# [Exercise prompt]
Pictures aside, output each record exactly.

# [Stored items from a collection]
%%

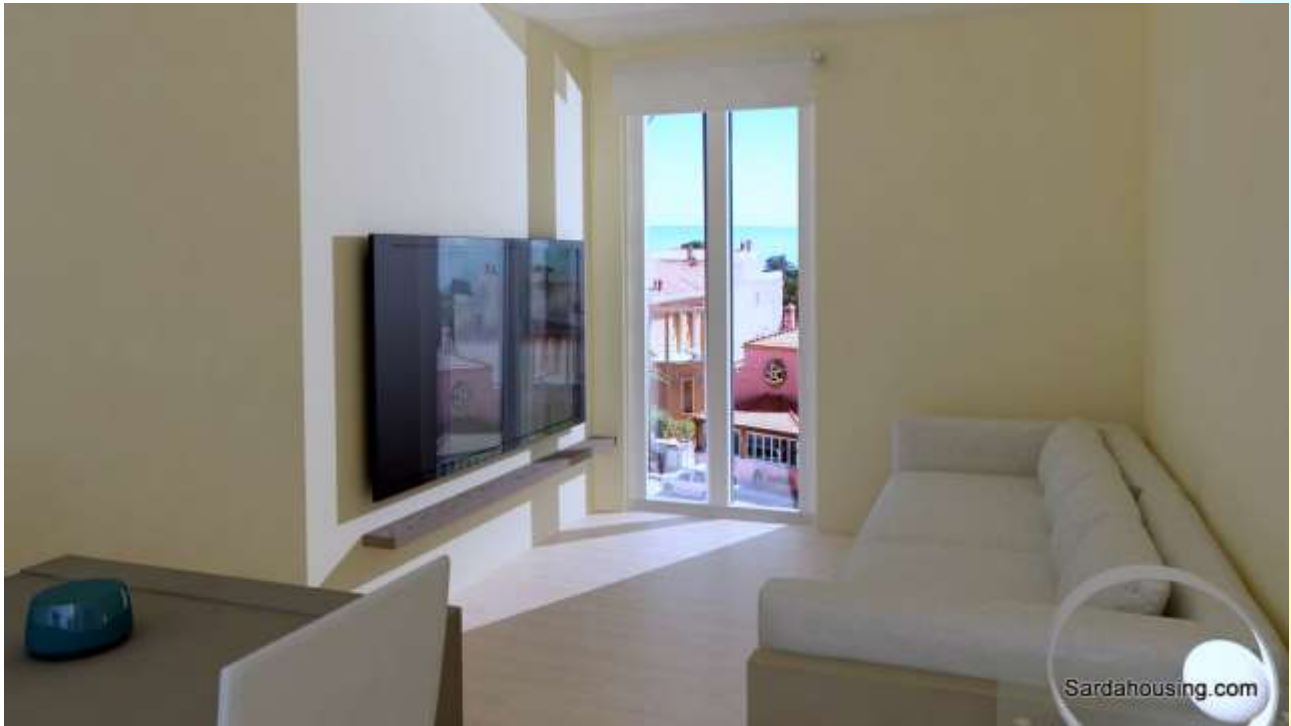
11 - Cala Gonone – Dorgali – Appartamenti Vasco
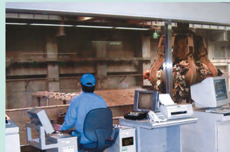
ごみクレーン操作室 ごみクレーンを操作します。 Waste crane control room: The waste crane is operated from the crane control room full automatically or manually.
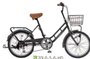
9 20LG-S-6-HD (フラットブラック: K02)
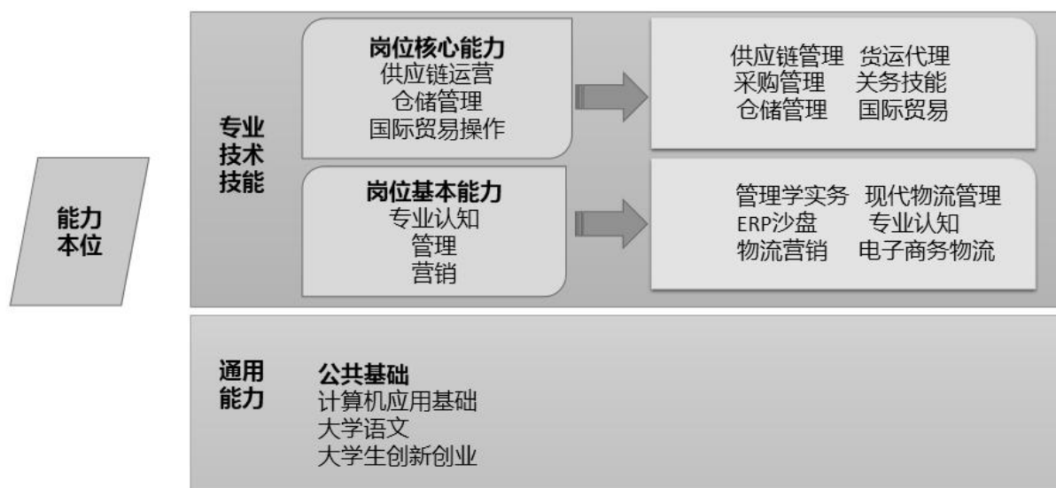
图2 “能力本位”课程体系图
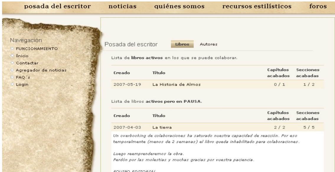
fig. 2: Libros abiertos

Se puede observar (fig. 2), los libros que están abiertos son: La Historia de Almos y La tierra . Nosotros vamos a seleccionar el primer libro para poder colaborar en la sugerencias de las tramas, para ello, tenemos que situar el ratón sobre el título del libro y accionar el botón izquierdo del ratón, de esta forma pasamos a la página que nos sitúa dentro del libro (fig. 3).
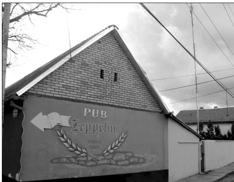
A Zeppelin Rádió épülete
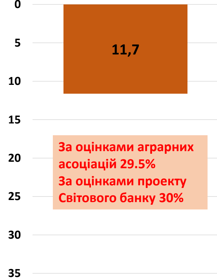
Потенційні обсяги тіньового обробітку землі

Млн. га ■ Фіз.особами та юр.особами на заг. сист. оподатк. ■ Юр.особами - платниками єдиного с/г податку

%%

# [Response]
11 - Cala Gonone – Dorgali – Appartamenti Vasco
ごみクレーン操作室 ごみクレーンを操作します。 Waste crane control room: The waste crane is operated from the crane control room full automatically or manually.
9 20LG-S-6-HD (フラットブラック: K02)
图2 “能力本位”课程体系图
fig. 2: Libros abiertos

Se puede observar (fig. 2), los libros que están abiertos son: La Historia de Almos y La tierra . Nosotros vamos a seleccionar el primer libro para poder colaborar en la sugerencias de las tramas, para ello, tenemos que situar el ratón sobre el título del libro y accionar el botón izquierdo del ratón, de esta forma pasamos a la página que nos sitúa dentro del libro (fig. 3).
A Zeppelin Rádió épülete
Потенційні обсяги тіньового обробітку землі

Млн. га ■ Фіз.особами та юр.особами на заг. сист. оподатк. ■ Юр.особами - платниками єдиного с/г податку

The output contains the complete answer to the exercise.